Alex mengaku tahu betul data tersebut. Dia bertanding di zona merah untuk menjadi caleg DPR RI dari Dapil Sumbar I. Namun, Alex mengklaim tetap akan mengampanyekan dirinya sendiri sekaligus Jokowi-Ma’ruf.
"Adalah kewajiban seluruh kader partai untuk melaksanakan dan mensukseskan keputusan partai," kata Alex kepada reporter Tirto.
Alex sudah jauh hari menganalisis medan perang. Menurutnya tantangan utama bertarung di Sumatera Barat ialah melawan hoaks yang masif dan sistematis. Maka dari itu, dia siap memeranginya dengan data dan fakta hingga pelaporan ke penegak hukum agar tak terulang.
"Ya pasti lebih banyak tantangan bertempur di daerah basis lawan.
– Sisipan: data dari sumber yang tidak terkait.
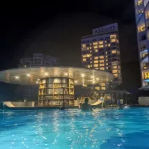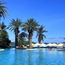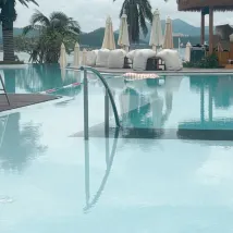 둘째는 수영장이에요. 여기는 총 세 개의 수영장이 있는데, 어린이 수영장 두 개와 성인 수영장 한 개가 JW 메리어트 공용 공간과 연결되어 있어요. 세 수영장 모두 각기 다른 매력이 있지만, 3층 수영장이 가장 예뻤어요. 수영장 물이 정말 깨끗했고, 수영장 옆에는 무료로 쓸 수 있는 소독된 타월과 튜브까지 비치되어 있었죠. 제가 전에 묵었던 어떤 호텔도 이곳만 못했습니다!
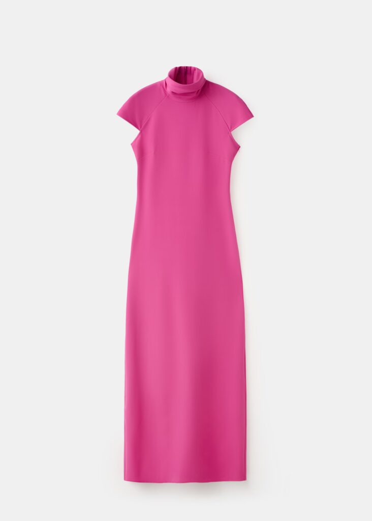 Entre los vestidos seleccionados para ocasiones más especiales, este se lleva todas las miradas. Su diseño largo, entallado y con cuello alto combina elegancia y sofisticación, mientras que la espalda abierta añade un toque inesperado y moderno. Es perfecto para esos eventos de oficina donde necesitas transmitir seguridad y profesionalismo. Solo con ponértelo y añadir joyas discretas, como unos pendientes en forma de gota y una pulsera fina, el look logra un equilibrio entre estilo y comodidad, ayudándote a sentirte confiada y proyectar seguridad en lo que vas a decir.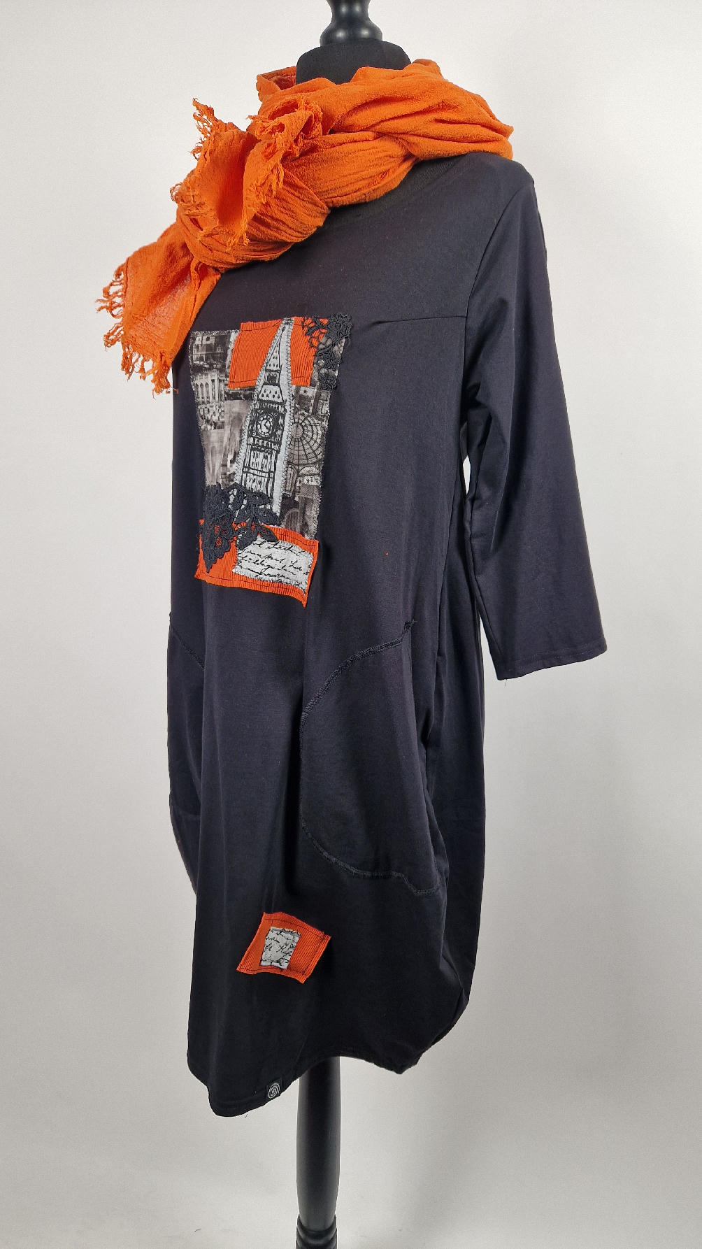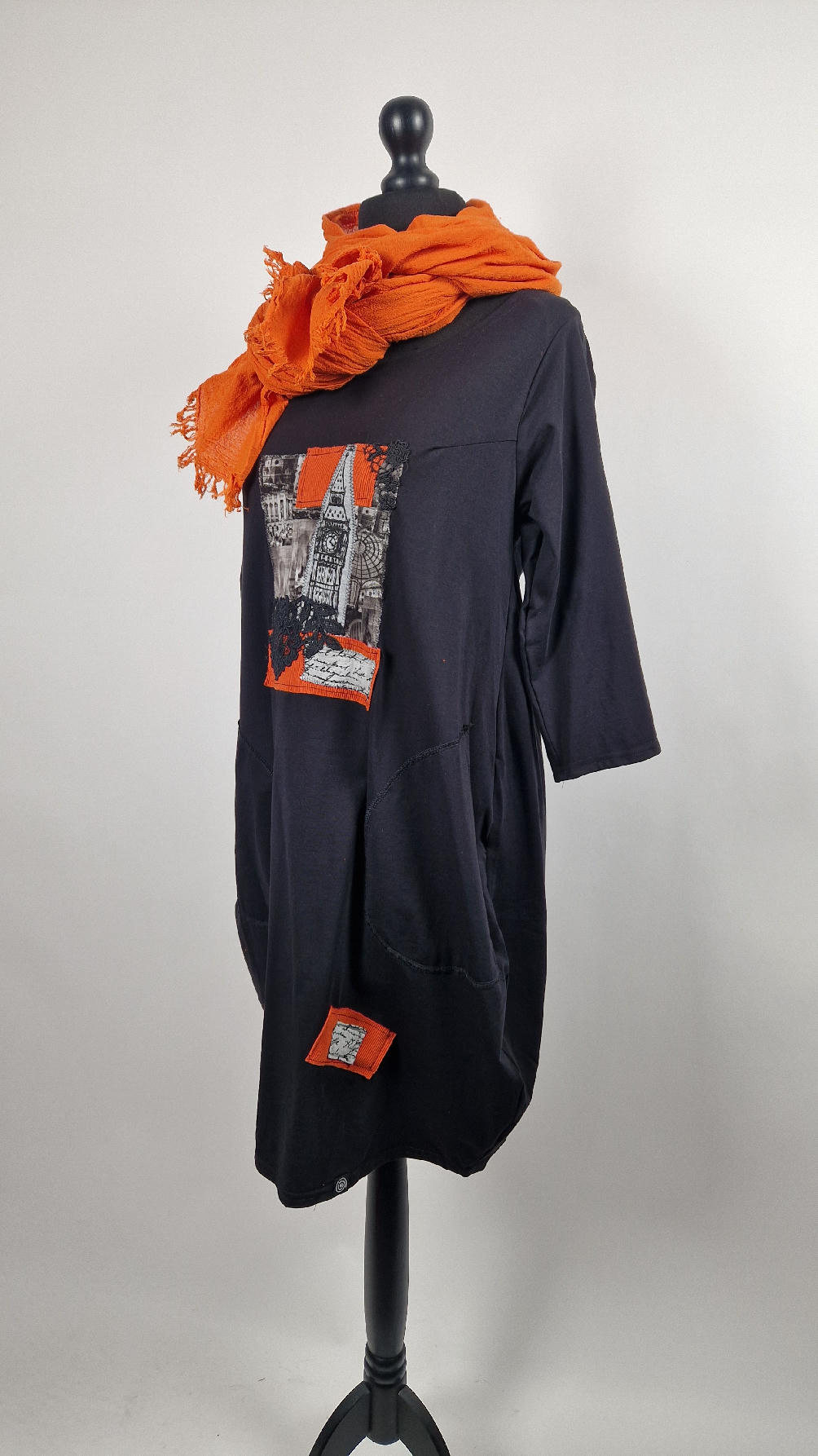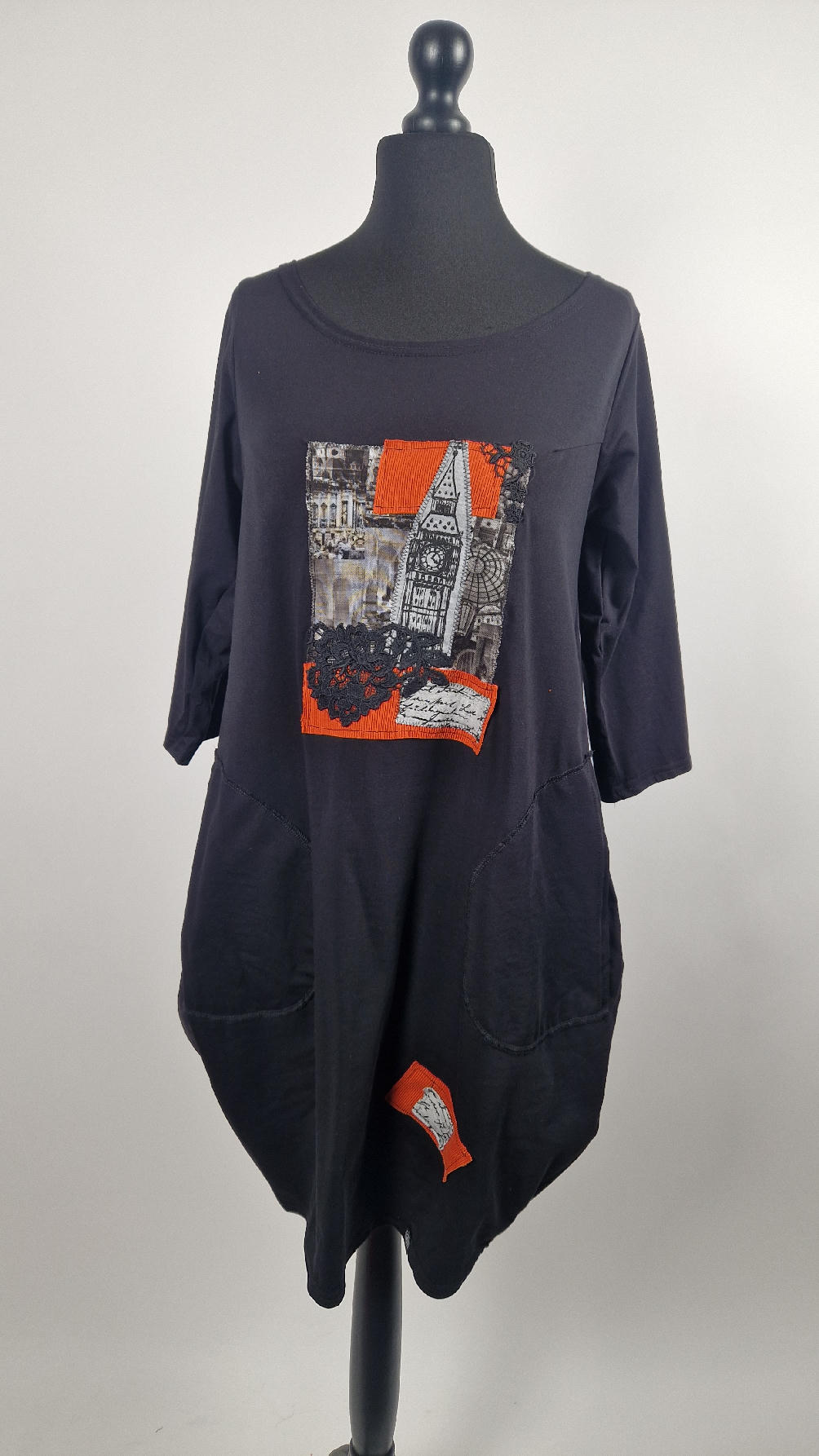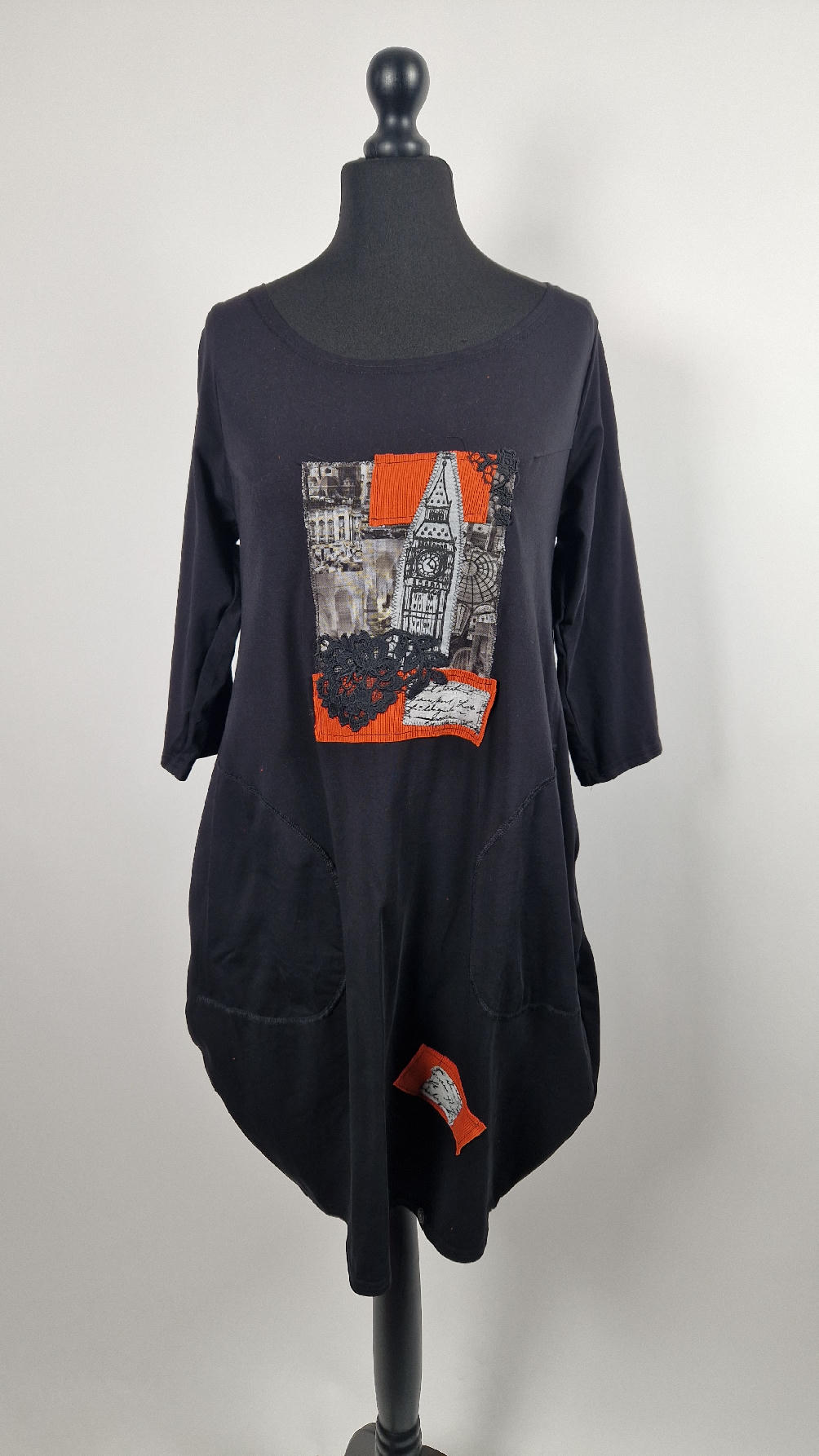 Czarna sukienka z rękawem 3/4 z unikatową aplikacją, uszyta z miękkiej bawełny typu jersey w kształcie, który pięknie ubierze Twoją sylwetkę, podkreślając to co trzeba lekko i luźno opływając pas i biodra; Każda aplikacja , każdy kolaż jest wykonany ręcznie, z różnych tkanin, koronek i cosiów. Każda sukienka jest niepowtarzalna, bo każdy kolaż jest inny.

Untuk itu butuh kerja keras dan kreatifitas serta konsistensi dalam berjuang tanpa harus mengorbankan keputusan partai," ujarnya.
Fakta pembelotan caleg dari partai pengusung Prabowo-Sandiaga memancing komentar dari Koalisi Indonesia Kerja (KIK). Wakil Sekretaris Tim Kampanye Nasional Raja Juli Antoni menilai pembelotan itu merupakan hal wajar lantaran tak ada pembagian kekuasaan yang jelas dalam komposisi pemenangan pasangan calon tersebut.
"Ini menunjukkan koalisi yang rapuh. Semuanya diborong satu partai," kata Raja Juli Antoni di kawasan Menteng, Jakarta Pusat.
Sementara itu, Sekretaris TKN Hasto Kristiyanto mengklaim caleg dari partai pendukung Jokowi-Ma'ruf solid mendukung kandidat yang mereka usung. Alasannya, kata Hasto, semua parpol pendukung Jokowi-Ma'ruf sudah dilibatkan dalam struktur TKN pasangan itu.
"Kami menempatkan seluruh caleg itu sebagai juru kampanye dari tingkat nasional, provinsi dan kabupaten kota," lanjut Hasto. "Kami juga terus lakukan komunikasi politik sehingga bagi kami seluruh caleg, kepala daerah, dan kader partai bergerak aktif dalam memberikan dukungan."
Mengapa Caleg Enggan Promosikan Capres-Cawapres?
Peneliti politik dari Lembaga Ilmu Pengetahuan Indonesia (LIPI) Sandra Luky menganggap, pembelotan kader partai pengusung Prabowo-Sandiaga terjadi karena capres dan cawapres yang mereka dukung tidak berasal dari partainya sendiri.
"Idealnya sistem pemilu serentak tidak perlu mensyaratkan presidential threshold supaya masing-masing partai memiliki calon presidennya sendiri. Dengan ini, maka efek ekor jas [coattail effect] akan bekerja lebih efektif," kata Luky kepada reporter Tirto.
Luky berpendapat, fokus para caleg untuk memenangkan pileg daripada pilpres adalah pilihan yang masuk akal. Sebabnya, syarat untuk bisa menjadi anggota parlemen di Pemilu 2019 lebih berat dibanding pemilu sebelumnya. Saat ini, ambang batas suara (parliamentary threshold) agar parpol dapat mengirim anggotanya ke kursi wakil rakyat adalah 4 persen. Pada Pemilu Legislatif 2014, ambang batas suara yang berlaku adalah 3,5 persen.
"Ini tentu tidak mudah bagi sebagian besar partai yang selama ini perolehan suaranya masih fluktuatif dari pemilu ke pemilu," tuturnya.
Alumni Universitas Airlangga itu juga menuturkan, caleg pantas berkonsentrasi memenangkan pileg, lantaran mereka harus bersaing ketat dengan sesama calon wakil rakyat, bahkan dari partainya sendiri.
"Capres dan cawapres hanya dirasa lebih menjual oleh caleg yang berasal dari parpol yang sama dengan capres-cawapres tersebut," ujar pungkasnya.